Immiscible gas injection applied to heterogeneous carbonate reservoirs can be inefficient due to poor conformance control. Foam mobility control is proposed in this work as a solution for gas conformance issues in such reservoirs. A unique experimental program was developed to evaluate alkyl polyglucoside (APG) stabilized foam for foaming ability, emulsion-forming tendency and resistance to oil. Dynamic methane foam behavior is systematically studied through single and dual injection core flooding experiments, simulating foam diversion during immiscible methane flooding in a layered reservoir with a significant layer permeability contrast. Results show a stable foam-oil system with no viscous emulsions at very high formation brine salinity (144,000 ppm total dissolved solids).
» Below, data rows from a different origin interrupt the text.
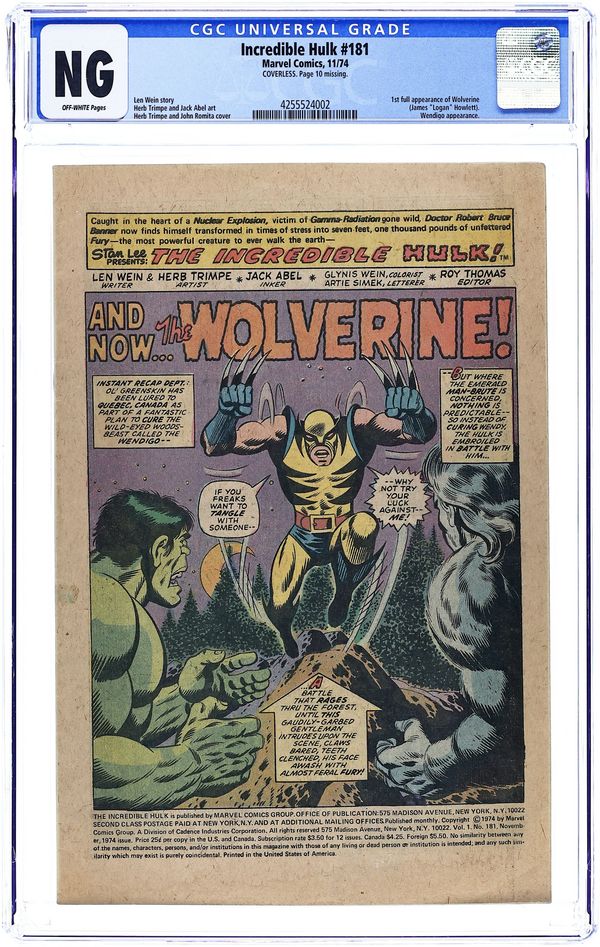 Starts Jan 3 First full Wolverine story (cameo appearance in previous issue). Cover art by Herb Trimpe. And Now...The Wolverine!, script by Len Wein, pencils by Herb Trimpe, inks by Jack Abel; Canadian super-agent Wolverine teams up with the Hulk to battle Wendigo; Once the monster is felled, however, Wolvie turns on the Hulk and the two battle; Marie goes ahead with her plans of trying to transfer the power of the Wendigo into the Hulk but when the guilt becomes too much for best friend Georges who feels responsible for Paul's monstrous condition, he works the change on himself; Paul Cartier is returned to human form and Georges becomes the Wendigo. Wendigos story continues in Monsters Unleashed 9.Marvel Value Stamp #54 (Shanna). Letter from Mary Jo Duffy. 36 pgs. $0.25. Cover price $0.25.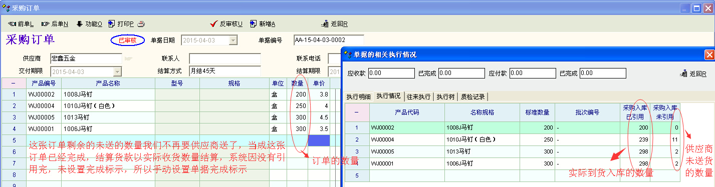 请教一个问题,设置单据引用流程定义:上级单据 采购订单 下级单据库存管理 入库单 ,因为有的供应商送货时没完全按数量或点错送货少1.2个是正常的事,这样我们就算这订单已经完成了,所以入库单 就没有引用完采购订单的数量,未引用剩余1.2个,这张单系统就没有自动设置完成标志,操作员手动设置单据完成标示后,在做入库单时,选择相关单据还会显示出这张订单来,有比较多这样的订单,容易造成混乱,如何设置这样手动设置单据完成标示后的订单也不再显示在相关单据引用里呢? 在下级单据选择相关单据(F6) --单据引用界面里选择对应的订单 点右键--设置引用完成标示,新增的时候就不引用,这样是可行的,但是有的情况是一个上级单据对多种下级单据,多种下级单据都要在引用界面里选择对应的上级单据 点右键--设置引用完成标示 这样的操作也有点麻烦了,能否只有在源头设置完成标示,下级单据都不再引用? |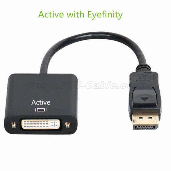 Now, the active single-link DVI adapter comes. STC-Cable.com launched the DP-DVI active adapter (Active Mini DisplayPort to DVI Adapter/Active Displayport to HDMI Adatper Cable/Active Mini Displayport to HDMI Adapter 4K/DisplayPort to VGA Active Adapter/Mini DisplayPort to VGA Active Adapter). Compared to Apple's dual-link adapter, its power consumption and complexity are greatly reduced: only one half of the TMDS transmitter is required to drive a single-link DVI interface, and the power required to connect a DP interface after hardware simplification is only 3.3V@500mA, no USB auxiliary power supply required.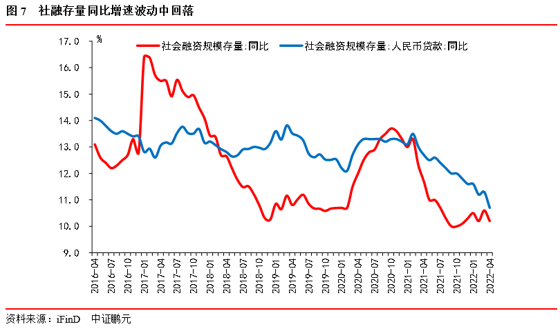 表內(nèi)融資受阻是最主要拖累因素:4月社融口徑的新增人民幣貸款3,616億元,同比少增9,224億元,是2009年12月以來的社融口徑新增人民幣貸款的最低值,表內(nèi)信用嚴(yán)重拖累社融增量。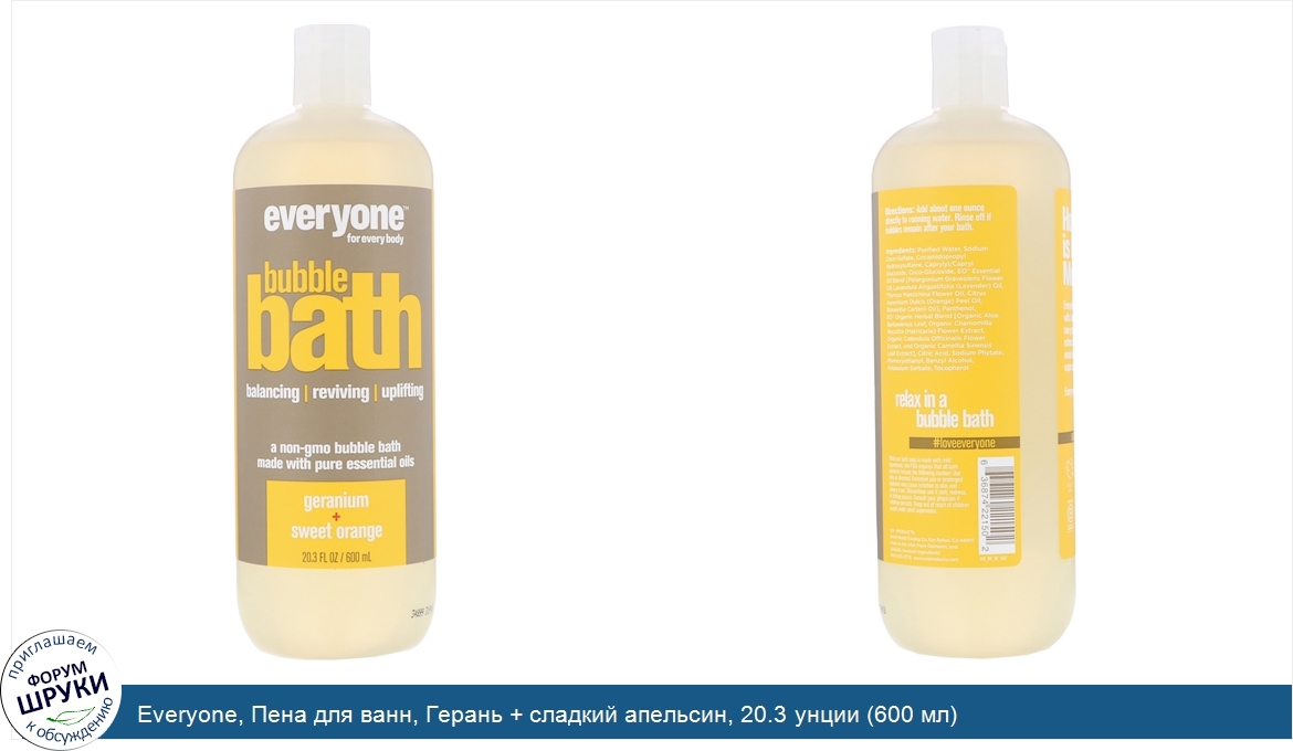 Друзья, если у вас есть отзыв/дополнение/комментарий/вопрос относительно Everyone, Пена для ванн, Герань + сладкий апельсин, 20.3 унции (600 мл) - напишите его ответом в эту тему (это будет полезно всему сообществу в целом и вам в отдельности).
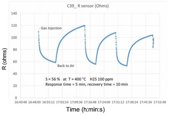 Response of sensor C39 under 100 ppm H2S at T = 400 °C.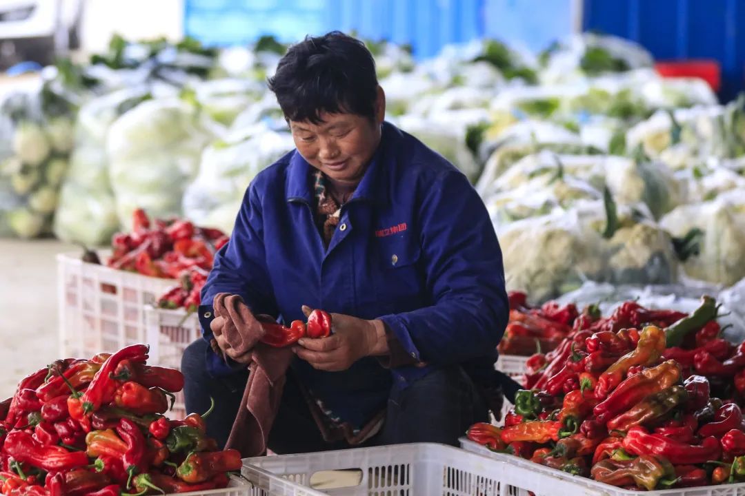 在基地工棚处,刚采收的辣椒、黄瓜、菜薹、小白菜、西兰花等蔬菜被装进一个个大塑料袋,正准备按订单发往园区企业、农贸市场。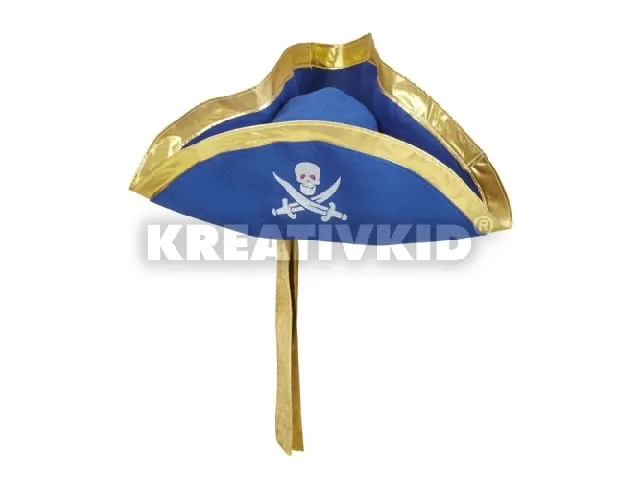 Kék színű, arany szalaggal és fehér halálfejjel díszített kalózkalap a Widmann kínálatából.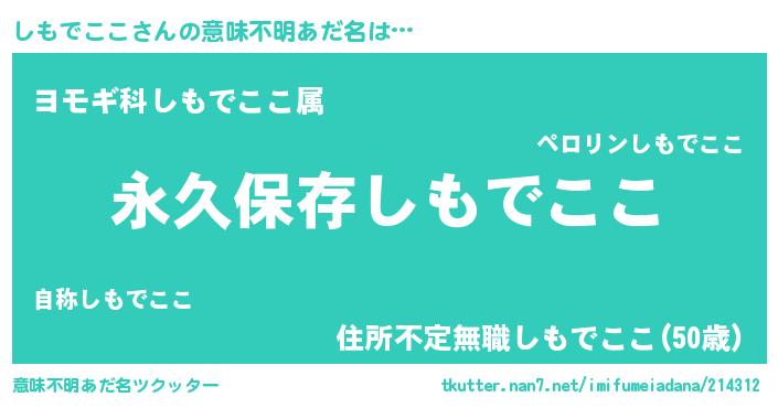 | ヘコむあだ名 | 『しもでここ(爆)』『しもにゅー』 |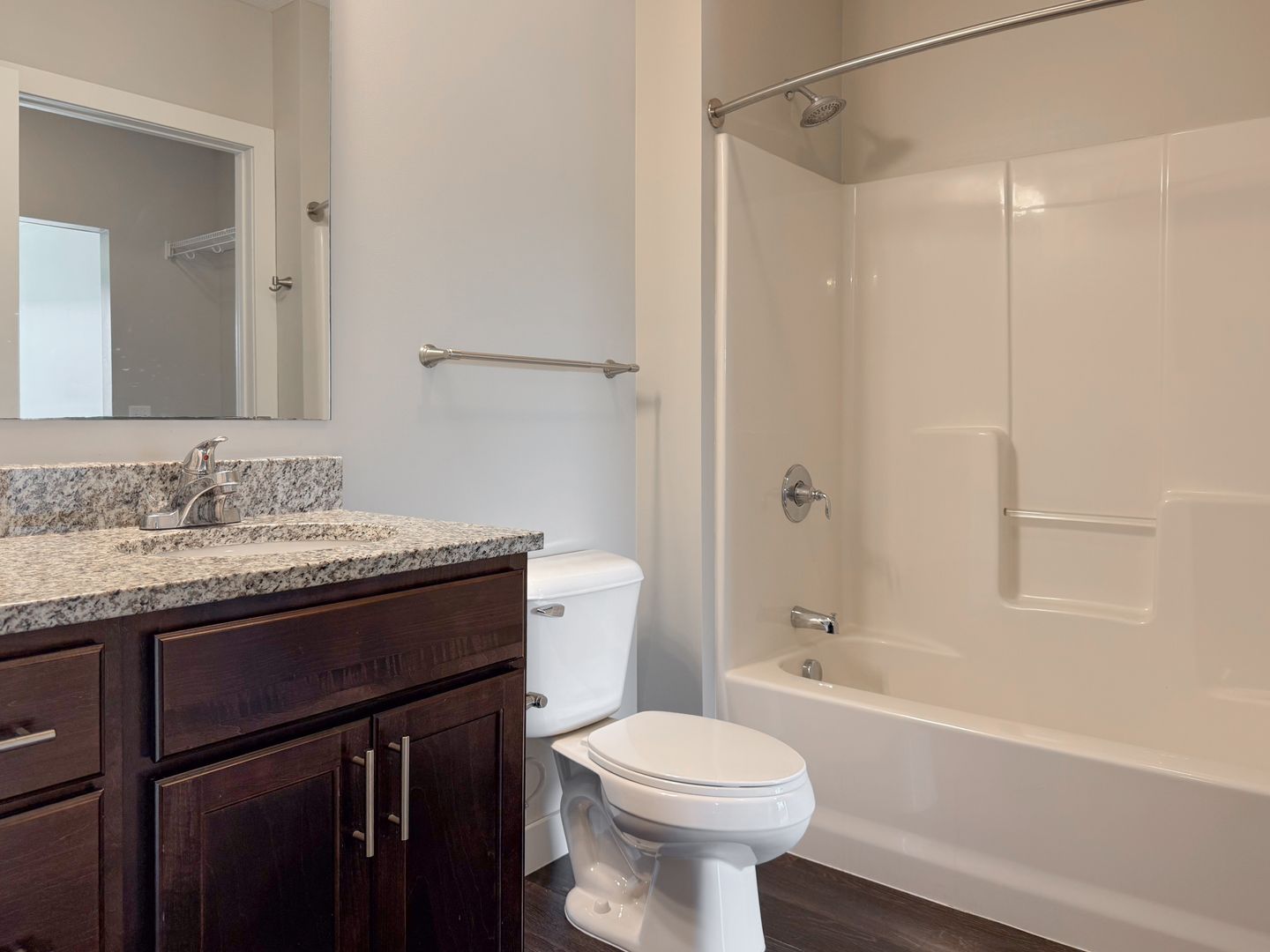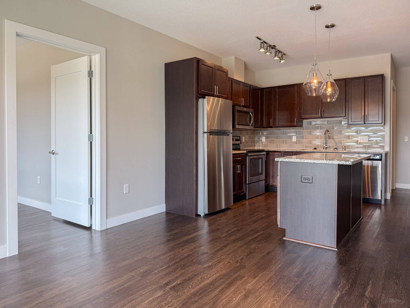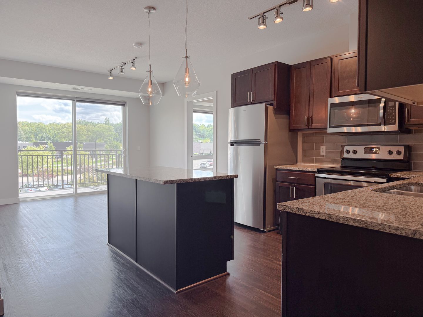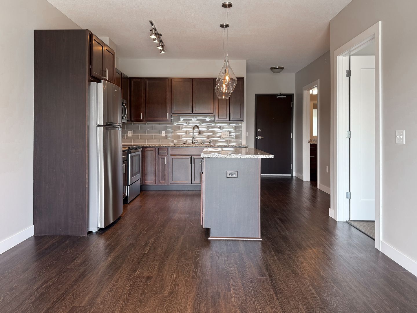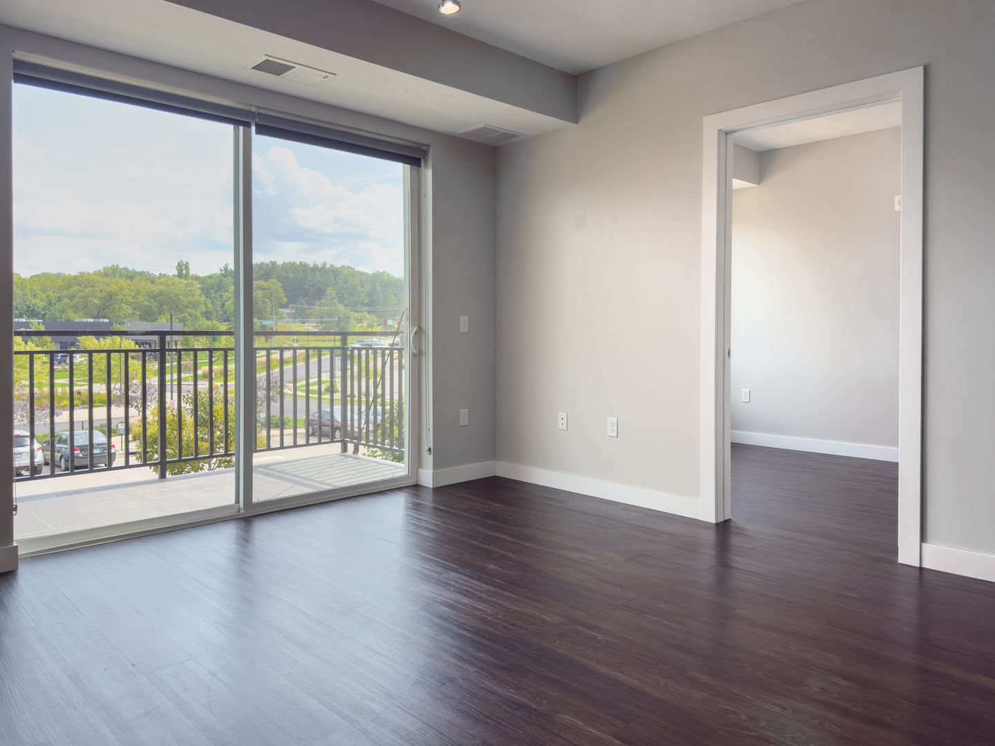 The Equinox is one of our expanded one-bedroom apartments with the addition of a den. Enjoy brown cabinets, a washer and dryer, and a built-in desk off the kitchen.

Single-core floods for the high permeability layer (Unit-A) showed that foam viscosity of 27 cP could be achieved at 11% oil saturation (So). Under similar oil-wet condition, the low permeability zone (Unit-B) could generate foam of 21 cP at 18.9% So, indicating an increase in injected fluid mobility reduction with permeability. Dual-core injection experiments, which is designed to evaluate accurately fluid diversion capacity of such foams, reveals remarkable dynamic foam behaviors. While the water-wet condition indicates the scalability of foam behaviors (i.e., the ability of foam to control fluid mobility against the variation of rock permeability) between the single and composite core systems, the oil-wet condition confirms good foam resistance to residual oil that resulted in an increase in Unit B production from 46 to 82%, and 74 to 85% for Unit-A. Moreover, dual-core floods representing premature waterfloods (i.e., higher oil saturation) shows even more dramatic incremental oil recovery (44 to 81% in Unit-A and 17.5 to 71% in Unit-B), evidencing the ability of foam to self-viscosify with permeability variation at varying oil saturations.
非均质碳酸盐岩提高采收率泡沫导流实验评价
非混相注气应用于非均质碳酸盐岩储层时,由于控制不严密,效率不高。在这项工作中,提出了泡沫流动性控制作为解决此类储层中气体一致性问题的方法。研究了烷基聚葡萄糖苷(APG)稳定泡沫的起泡能力、成乳倾向和耐油性能。通过单次和双次注入岩心驱油实验,系统研究了甲烷的动态泡沫行为,模拟了层状储层渗透率对比明显的非混相甲烷驱过程中的泡沫导流。结果表明,在非常高的地层盐水盐度(144,000 ppm总溶解固体)下,泡沫油体系稳定,无粘性乳状液。高渗透层(Unit-A)单岩心驱油结果表明,在11%含油饱和度(So)下,泡沫粘度可达27 cP。在相似的油湿条件下,低渗透层(Unit-B)以18.9%的速度产生21 cP的泡沫,表明注入流体的流动性随着渗透率的降低而增加。为准确评价此类泡沫的导流能力而设计的双芯注入实验,揭示了显著的动态泡沫行为。水湿条件表明了单一岩心和复合岩心体系之间泡沫行为的可扩展性(即泡沫控制流体流动性以对抗岩石渗透率变化的能力),而油湿条件证实了泡沫对剩余油的良好抵抗能力,导致单元B的产量从46%增加到82%,单元a的产量从74%增加到85%。此外,代表早期水驱(即更高含油饱和度)的双岩心驱油表现出更显著的产油量增量(Unit-A为44 ~ 81%,Unit-B为17.5% ~ 71%),证明了泡沫在不同含油饱和度下随渗透率变化而自粘的能力。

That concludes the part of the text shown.